» Exercise aim
When you reach the line containing "Preview: Pfau Phönix", begin reproducing the lines exactly and continue through the end of the listing, leaving out the pictures.

» Available data
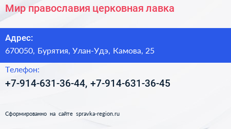 Мир православия, церковная лавка по адресу 670050, Бурятия, Улан-Удэ, Камова, 25 в дальнейшем Организация, размещена в следующих категориях:
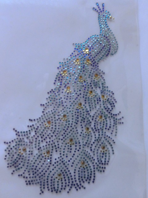 Preview: Pfau Phönix Bügelbild STRASS Hotfix Shirt Jacke Tasche Mantel Tischdecke Top
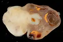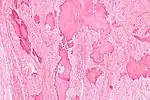 | Low magnification micrograph of a calcified ovarian fibroma in the context of nevoid basal cell carcinoma syndrome. H&E stain. | |

» Exercise solution
 Preview: Pfau Phönix Bügelbild STRASS Hotfix Shirt Jacke Tasche Mantel Tischdecke Top
 | Low magnification micrograph of a calcified ovarian fibroma in the context of nevoid basal cell carcinoma syndrome. H&E stain. | |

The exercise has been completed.